C’est en ces mots que le Lion
Parloit un jour au Moûcheron.
L’autre luy declara la guerre.
Penses-tu, luy dit-il, que ton titre de Roy
Me fasse peur, ny me soucie ?
Un bœuf est plus puissant que toy ;
Je le meine à ma fantaisie.
A peine il achevoit ces mots,
Que luy-même il sonna la charge,
Fut le Trompette et le Heros.
Dans l’abord il se met au large ;
Puis prend son temps, fond sur le cou
Du Lion qu’il rend presque fou.
Le quadrupede écume, et son œil étincelle ;
Il rugit, on se cache, on tremble à l’environ :
Et cette alarme universelle
Est l’ouvrage d’un Moûcheron.
Un avorton de Moûche en cent lieux le harcelle,
Tantost picque l’échine, et tantost le museau,
Tantost entre au fond du nazeau.
La rage alors se trouve à son faîte montée.

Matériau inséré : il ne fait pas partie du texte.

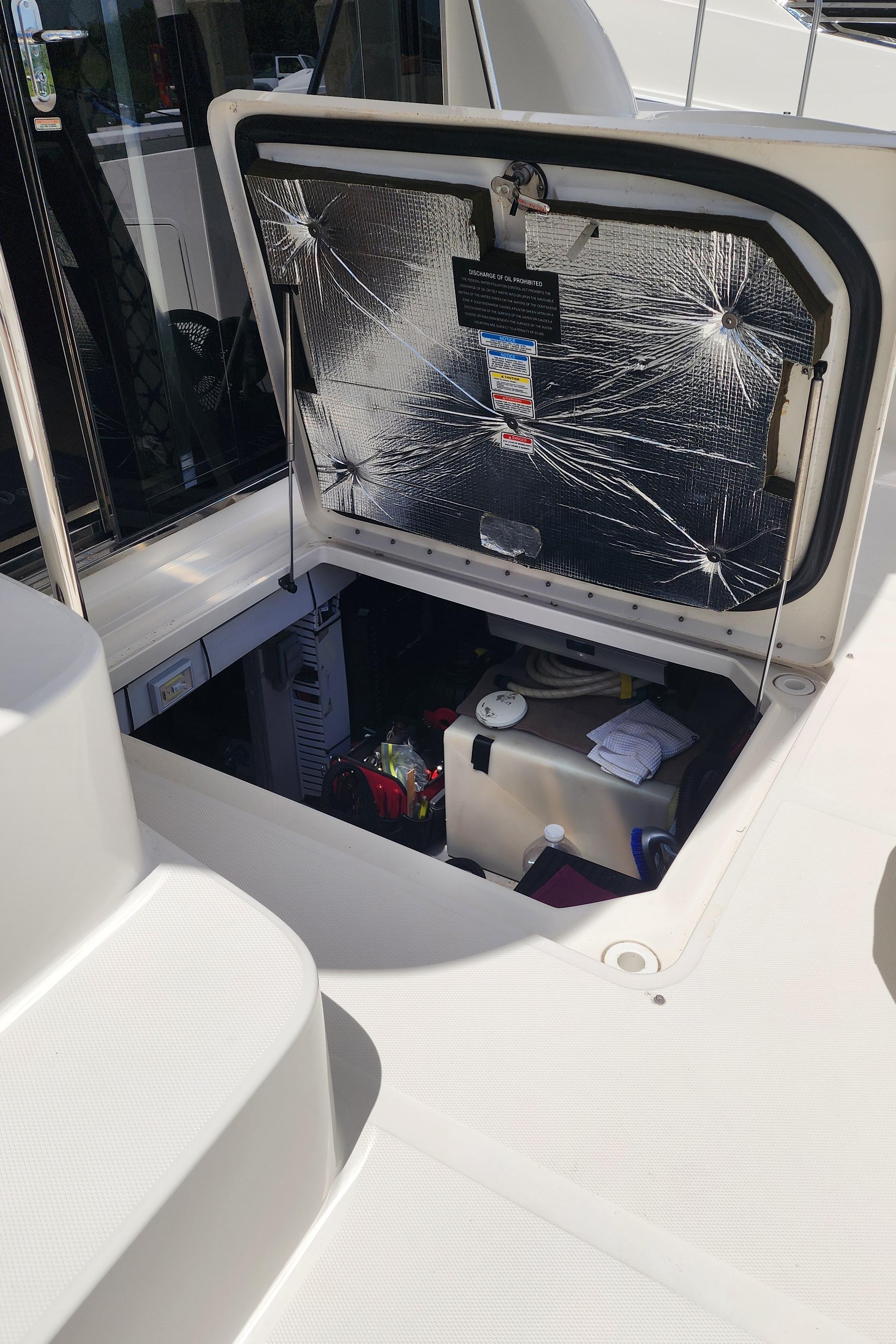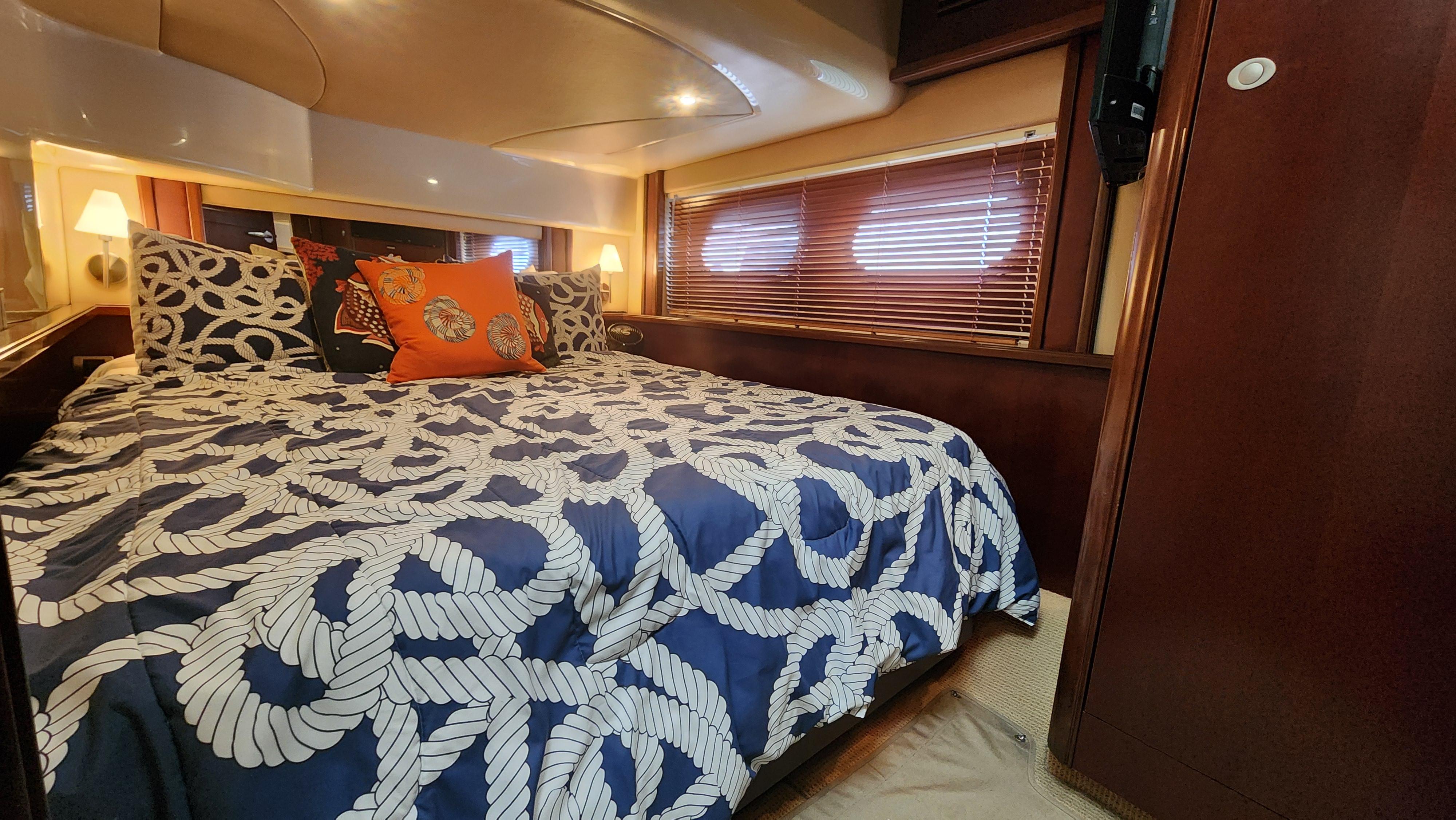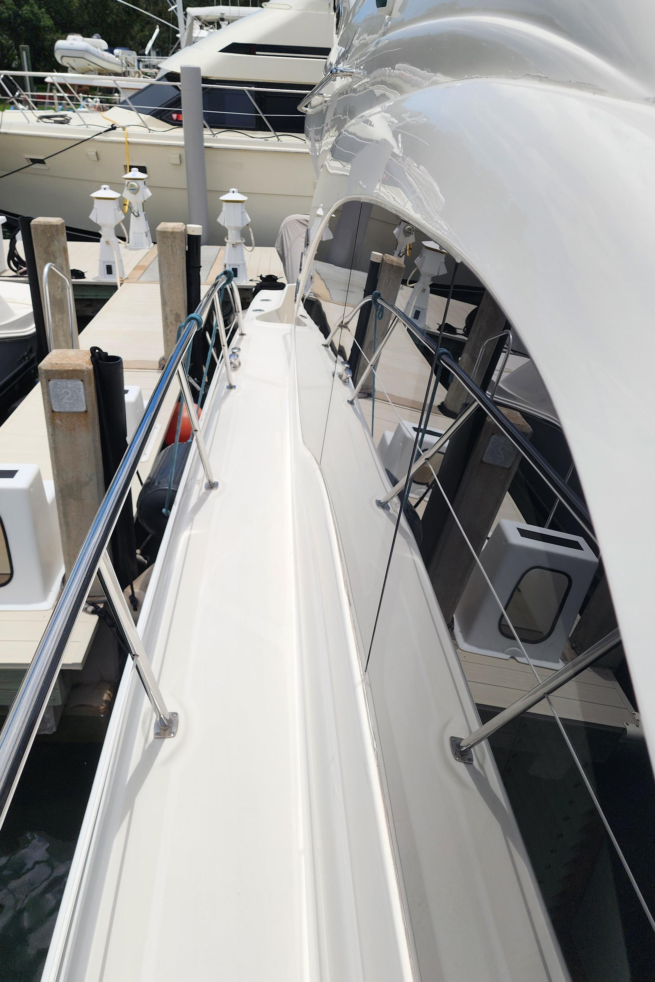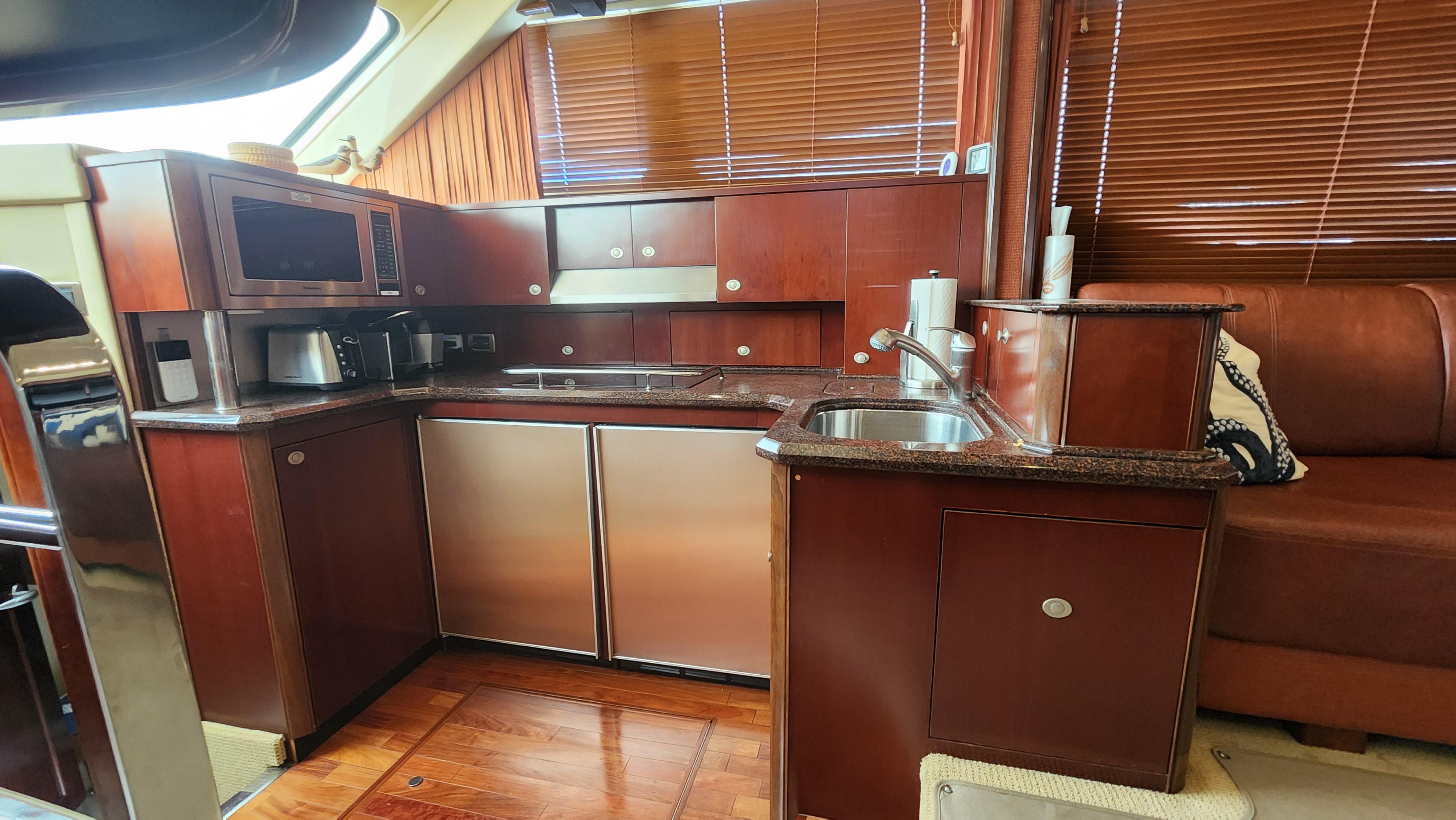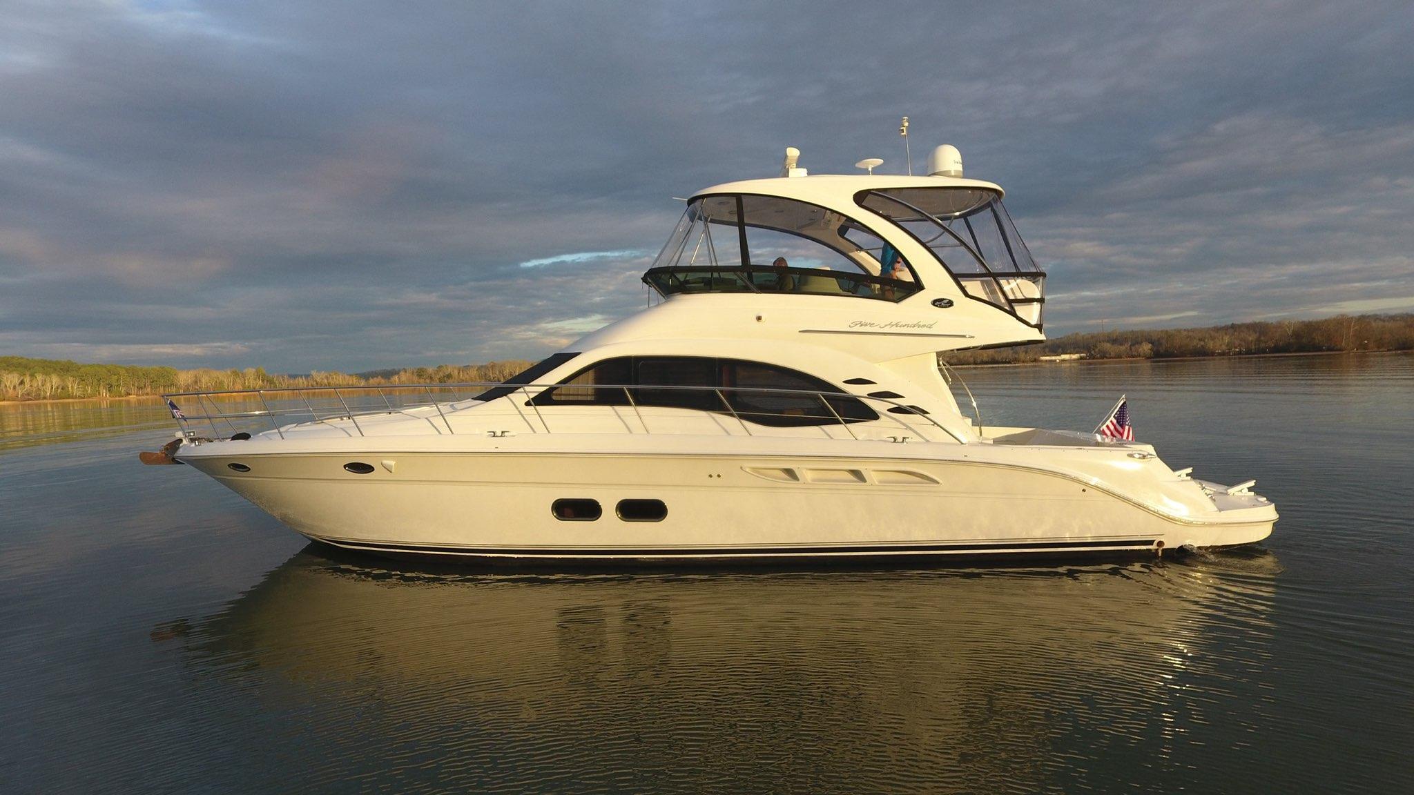The Wine Down spent most of her life in fresh water. She was brought to Sarasota about three years ago. The Wine Down is a perfect example of Sea Rays best build years in the larger yachts. The Gel coat, Stainless steel, and overall build quality is Excellent. There have been many upgrades to the Wine Down including new Garmin electronics, two new integrated fusion stereo systems, all new led lights on the bridge level with changing colors from red, white, or blue. All the interior lights have been upgraded to led. The alternators, belts, batteries, and battery charger have recently been replaced. The Sea Star power steering ram was recently removed and completely rebuilt. The Marquipt davit was stripped, and powder coated. The main engines large exhaust collector tubes have been replaced. Some other recent upgrades include aft deck awning with stainless steel support poles, bridge and aft deck carpet, front window covers in white and black, new helm and upper lounge area covers, aft deck bench cover, and zip in sunshades for the forward bridge area. The boat also comes with spare propellers. The owner has had the boat professionally maintained. It has had regular maintenance checks, washdowns, polishing/waxing, and dive services. She is ready for cruising.

L’invisible ennemy triomphe, et rit de voir
Qu’il n’est griffe ny dent en la beste irritée,
Qui de la mettre en sang ne fasse son devoir.
Le malheureux Lion se déchire luy-mesme,
Fait resonner sa queue à l’entour de ses flancs,
Bat l’air qui n’en peut mais ; et sa fureur extrême
Le fatigue, l’abbat : le voilà sur les dents.
L’insecte du combat se retire avec gloire :
Comme il sonna la charge, il sonne la victoire ;
Va par tout l’annoncer ; et rencontre en chemin
L’embuscade d’une araignée.
Il y rencontre aussi sa fin.
Quelle chose par là nous peut estre enseignée ?
J’en vois deux, dont l’une est qu’entre nos ennemis,
Les plus à craindre sont souvent les plus petits ;
L’autre, qu’aux grands perils tel a pû se soustraire,
Qui perit pour la moindre affaire.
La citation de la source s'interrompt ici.